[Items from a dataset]
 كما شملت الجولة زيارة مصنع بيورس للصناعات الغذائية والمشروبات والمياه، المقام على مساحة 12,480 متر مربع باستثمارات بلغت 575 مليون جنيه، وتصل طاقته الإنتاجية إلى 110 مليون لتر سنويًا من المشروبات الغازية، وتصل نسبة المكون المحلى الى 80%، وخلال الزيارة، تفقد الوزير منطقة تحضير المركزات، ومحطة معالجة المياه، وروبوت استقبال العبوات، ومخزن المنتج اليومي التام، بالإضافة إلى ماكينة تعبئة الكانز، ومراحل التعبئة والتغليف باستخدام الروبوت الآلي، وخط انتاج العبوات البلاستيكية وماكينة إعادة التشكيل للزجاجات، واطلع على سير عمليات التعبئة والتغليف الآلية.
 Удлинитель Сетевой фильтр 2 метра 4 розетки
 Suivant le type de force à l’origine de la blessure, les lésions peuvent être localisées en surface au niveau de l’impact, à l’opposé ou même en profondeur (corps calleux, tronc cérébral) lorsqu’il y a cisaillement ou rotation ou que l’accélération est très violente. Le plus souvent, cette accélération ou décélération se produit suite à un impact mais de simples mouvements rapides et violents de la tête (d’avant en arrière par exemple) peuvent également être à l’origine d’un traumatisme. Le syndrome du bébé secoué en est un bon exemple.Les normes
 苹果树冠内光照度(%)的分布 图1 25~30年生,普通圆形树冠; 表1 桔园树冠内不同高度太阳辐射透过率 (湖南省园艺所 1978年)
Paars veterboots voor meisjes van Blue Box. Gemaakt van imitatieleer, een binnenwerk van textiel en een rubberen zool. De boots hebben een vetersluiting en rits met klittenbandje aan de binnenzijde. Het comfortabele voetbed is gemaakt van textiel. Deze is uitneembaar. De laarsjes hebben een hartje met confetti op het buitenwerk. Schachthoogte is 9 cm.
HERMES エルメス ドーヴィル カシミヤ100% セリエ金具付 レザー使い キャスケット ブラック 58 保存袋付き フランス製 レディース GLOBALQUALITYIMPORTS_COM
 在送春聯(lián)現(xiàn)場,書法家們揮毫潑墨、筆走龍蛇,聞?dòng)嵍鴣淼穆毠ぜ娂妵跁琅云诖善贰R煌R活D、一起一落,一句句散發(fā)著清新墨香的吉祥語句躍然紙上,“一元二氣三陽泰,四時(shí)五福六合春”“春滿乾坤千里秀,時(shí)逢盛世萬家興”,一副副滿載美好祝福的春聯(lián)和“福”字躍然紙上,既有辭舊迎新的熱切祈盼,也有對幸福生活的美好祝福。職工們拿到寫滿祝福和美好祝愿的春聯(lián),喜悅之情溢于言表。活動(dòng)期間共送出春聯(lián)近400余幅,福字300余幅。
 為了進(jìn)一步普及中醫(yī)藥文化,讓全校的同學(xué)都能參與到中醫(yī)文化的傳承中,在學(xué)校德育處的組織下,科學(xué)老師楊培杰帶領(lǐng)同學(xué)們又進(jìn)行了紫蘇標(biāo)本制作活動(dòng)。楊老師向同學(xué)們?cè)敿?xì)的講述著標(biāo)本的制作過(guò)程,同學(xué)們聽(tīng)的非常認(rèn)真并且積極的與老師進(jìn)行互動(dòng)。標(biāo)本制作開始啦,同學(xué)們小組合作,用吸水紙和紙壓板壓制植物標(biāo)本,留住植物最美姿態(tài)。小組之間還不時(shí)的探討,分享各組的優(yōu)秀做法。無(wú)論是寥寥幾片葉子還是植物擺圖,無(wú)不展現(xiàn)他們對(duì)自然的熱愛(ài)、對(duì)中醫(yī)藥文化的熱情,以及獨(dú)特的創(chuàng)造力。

### Instructions for the task
Could you retype exactly the lines above from the one containing "HERMES エルメス ドーヴィル" through the last line of the records, both included, and nothing else?

### The completed task
HERMES エルメス ドーヴィル カシミヤ100% セリエ金具付 レザー使い キャスケット ブラック 58 保存袋付き フランス製 レディース GLOBALQUALITYIMPORTS_COM
 在送春聯(lián)現(xiàn)場,書法家們揮毫潑墨、筆走龍蛇,聞?dòng)嵍鴣淼穆毠ぜ娂妵跁琅云诖善贰R煌R活D、一起一落,一句句散發(fā)著清新墨香的吉祥語句躍然紙上,“一元二氣三陽泰,四時(shí)五福六合春”“春滿乾坤千里秀,時(shí)逢盛世萬家興”,一副副滿載美好祝福的春聯(lián)和“福”字躍然紙上,既有辭舊迎新的熱切祈盼,也有對幸福生活的美好祝福。職工們拿到寫滿祝福和美好祝愿的春聯(lián),喜悅之情溢于言表。活動(dòng)期間共送出春聯(lián)近400余幅,福字300余幅。
 為了進(jìn)一步普及中醫(yī)藥文化,讓全校的同學(xué)都能參與到中醫(yī)文化的傳承中,在學(xué)校德育處的組織下,科學(xué)老師楊培杰帶領(lǐng)同學(xué)們又進(jìn)行了紫蘇標(biāo)本制作活動(dòng)。楊老師向同學(xué)們?cè)敿?xì)的講述著標(biāo)本的制作過(guò)程,同學(xué)們聽(tīng)的非常認(rèn)真并且積極的與老師進(jìn)行互動(dòng)。標(biāo)本制作開始啦,同學(xué)們小組合作,用吸水紙和紙壓板壓制植物標(biāo)本,留住植物最美姿態(tài)。小組之間還不時(shí)的探討,分享各組的優(yōu)秀做法。無(wú)論是寥寥幾片葉子還是植物擺圖,無(wú)不展現(xiàn)他們對(duì)自然的熱愛(ài)、對(duì)中醫(yī)藥文化的熱情,以及獨(dú)特的創(chuàng)造力。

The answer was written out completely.